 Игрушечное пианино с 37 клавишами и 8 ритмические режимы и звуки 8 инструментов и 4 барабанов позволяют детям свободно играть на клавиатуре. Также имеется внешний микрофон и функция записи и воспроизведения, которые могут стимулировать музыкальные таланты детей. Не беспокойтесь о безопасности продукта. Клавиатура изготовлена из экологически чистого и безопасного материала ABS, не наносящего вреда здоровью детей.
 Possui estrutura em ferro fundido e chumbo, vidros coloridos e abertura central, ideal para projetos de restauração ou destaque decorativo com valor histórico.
--
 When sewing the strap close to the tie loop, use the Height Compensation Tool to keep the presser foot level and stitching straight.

What is needed:
From the listing above, return the lines starting at the one with "Игрушечное пианино с" and ending at the one with "Possui estrutura em", both kept, exactly as they appear and nothing more.

Reply to the task:
 Игрушечное пианино с 37 клавишами и 8 ритмические режимы и звуки 8 инструментов и 4 барабанов позволяют детям свободно играть на клавиатуре. Также имеется внешний микрофон и функция записи и воспроизведения, которые могут стимулировать музыкальные таланты детей. Не беспокойтесь о безопасности продукта. Клавиатура изготовлена из экологически чистого и безопасного материала ABS, не наносящего вреда здоровью детей.
 Possui estrutura em ferro fundido e chumbo, vidros coloridos e abertura central, ideal para projetos de restauração ou destaque decorativo com valor histórico.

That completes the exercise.